So..it looks like it has to do with the zen-kernel.
With the lts kernel, there are no problems so far.
Anyone knows how to set the lts kernel as the default one?
You should edit /etc/default/grub and change GRUB_DEFAULT=0 (First line) to GRUB_DEFAULT=1 or GRUB_DEFAULT="1>2" (third line in second line submenu), etc.
Then update-grub.
Is the Entry '1' definetly the entry for the LTS Kernel or are you guessing?
Can I see the order somewhere or do I have to restart and check it ?
Just guessing!
You need to check the grub.
If you want to cut it short, uninstall zen and leave only lts.
Reinstalling in the future would only take a few minutes anyway....
I experience the exact same problem you describe, slowness for a few seconds then complete freeze. Haven't noticed any errors in dmesg, journal or systemd at boot (although I don't know how to see them after a crash). Errors began after a reboot which I believe included a new kernel (login screen background changed to the blue-purpleish one). Might have been a week since I rebooted last time though, I usually suspend, so I can't know for sure what update might have caused it.

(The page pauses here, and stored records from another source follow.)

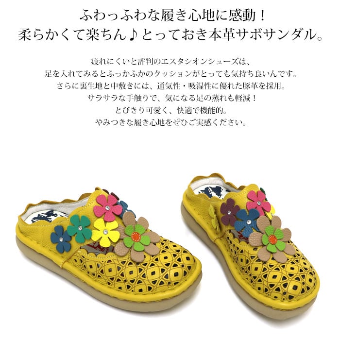 サボ.サンダル.エスタシオン.靴.レディース.estacion.本革.ブランド.軽量.カジュアル.疲れにくい.歩きやすい.フラワー.花.レザー.フラット.ローヒール.SS.S.M.L.LL.22.0cm.22.5cm.23.0cm.23.5cm.24.0cm.24.5cm.25.0cm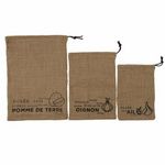 Informations Techniques : Dimensions : L. 39 x l. 28 x H. 41,5 cm Matières : Textile & Jute Spécificités : Pratique & Utile Lot de 3 Sacs de conservation En toile de jute Garder à l'abri de la lumière 3 Tailles différentes 100% Naturel Lavable & Réutilisable Agissons pour notre planète Cordelette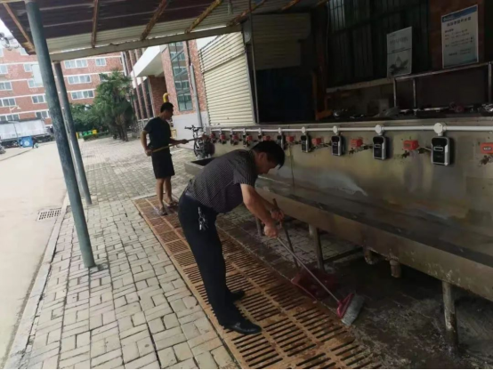 打扫西区、东区茶炉房及洗浴中心卫生,试开炉,作好烧开水、热水洗浴准备。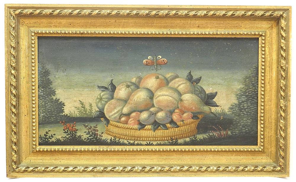 3 Unsigned Naive Oils on Board, 9 3/4" x 19 3/4", "Fruits & Flowers".

I also use docker, but the crashes occur despite not using it at the time (apart from running the service). Downgrading kernel (I'd rather not ditch zen if I can help it tbh), changing storage driver for docker, or even switching to podman are things I'll try next.

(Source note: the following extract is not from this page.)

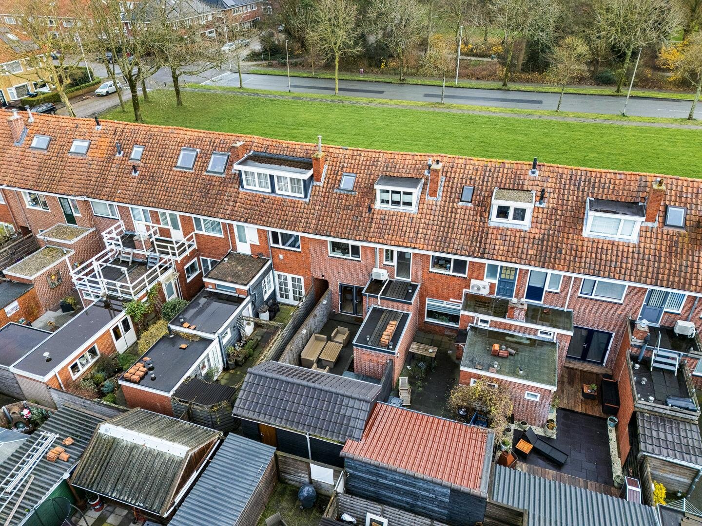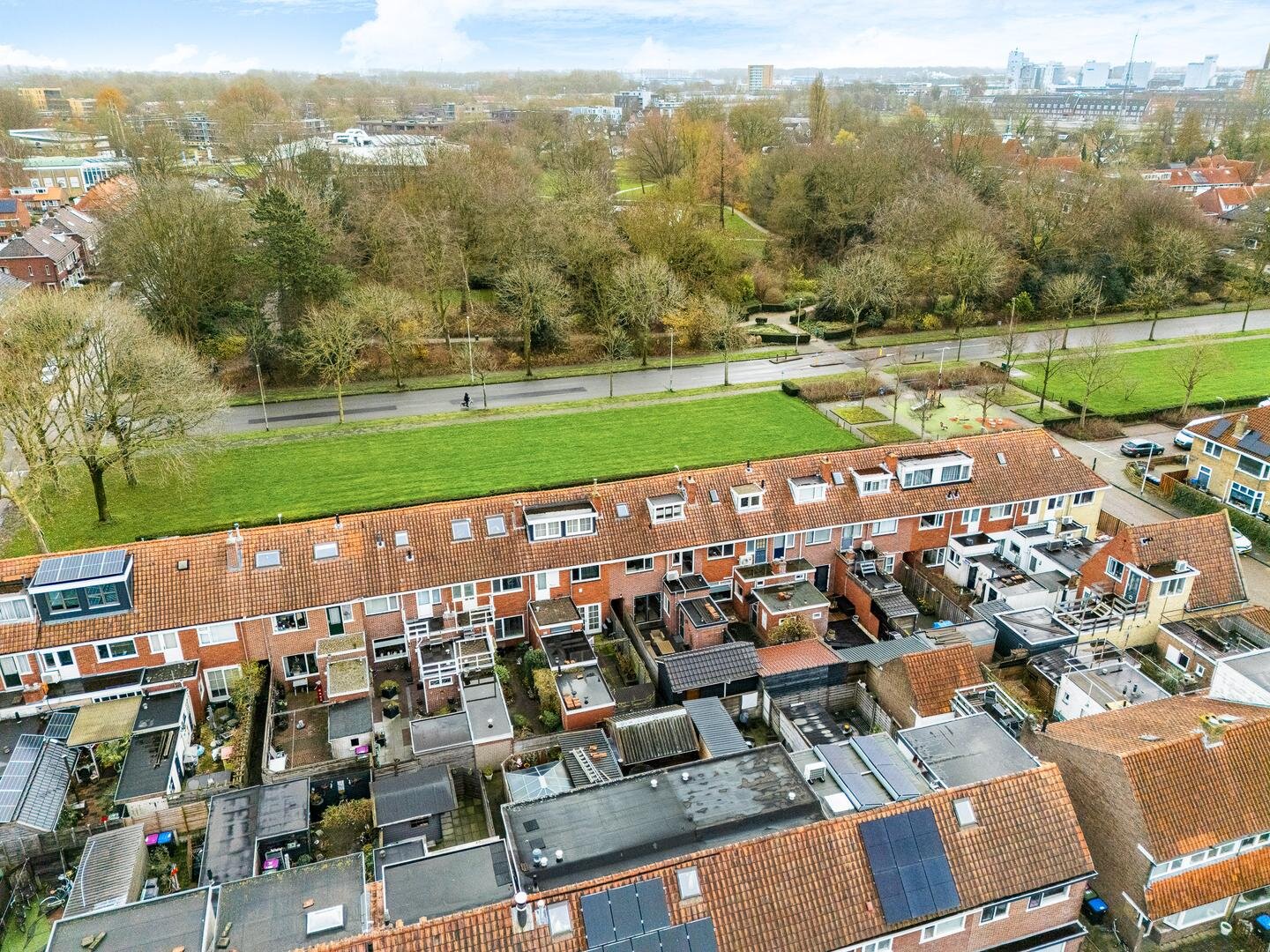 Instapklare jaren ’30 tussenwoning met vrij uitzicht op het Dr. Zamenhofpark, 12 zonnepanelen, airco's om mee te koelen én te verwarmen, kunststof kozijnen en een zonnige tuin op het westen mét jacuzzi
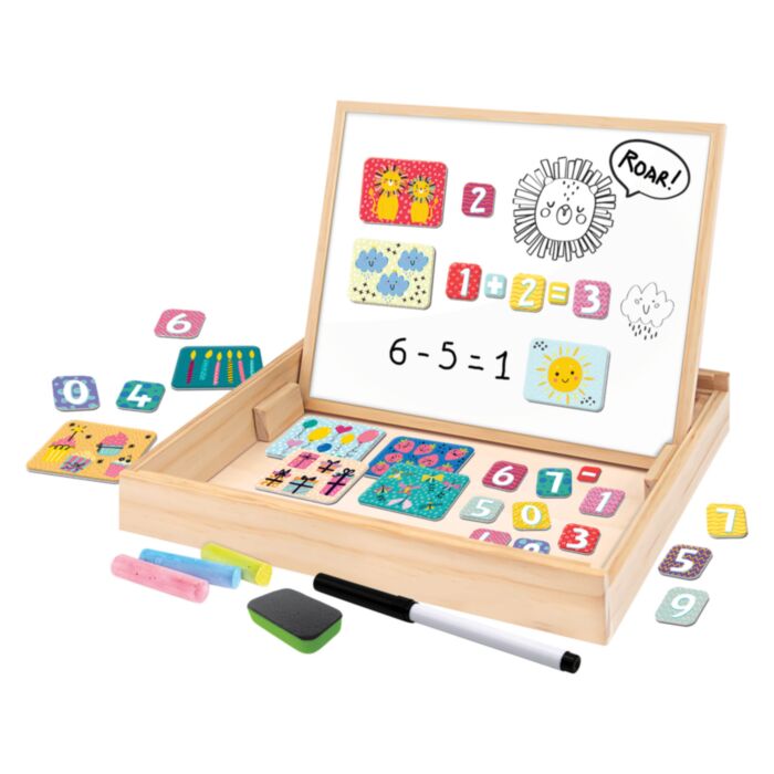 Ο μαγνητικός επιτραπέζιος πίνακας HappiHobbi είναι ένα εύχρηστο ξύλινο κουτί που μεταμορφώνεται σε μαγνητικό πίνακα ζωγραφικής δύο όψεων. Αποτελεί ιδανική απασχόληση για το παιδί εντός σπιτιού αλλά κι εκτός αυτού, χάρη στο πρακτικό μέγεθός του. Το παιδί δημιουργεί αλλά και εκπαιδεύεται στην αναγνώριση αριθμών μέσω των μαγνητών που περιλαμβάνονται.

Do some searching on past forum posts regarding docker and btrfs.
Just to follow up my issue which seems to have gone away.
- I downgraded to kernel 5.14.6-zen1-1 (from 5.14.7)
- I did a btrfs balance
- I use a docker driver instead of kvm2/libvirt in minikube
- Changed docker storage driver to overlay2
Hopefully I can hop on 5.14.8 again.
Edit: Nope. Crashed after about an hour into 5.14.8. At least that pinpoints the problem I guess. Would be great to know what in >5.14.6 causes the crash.. Any troubleshooting tips would be appreciated.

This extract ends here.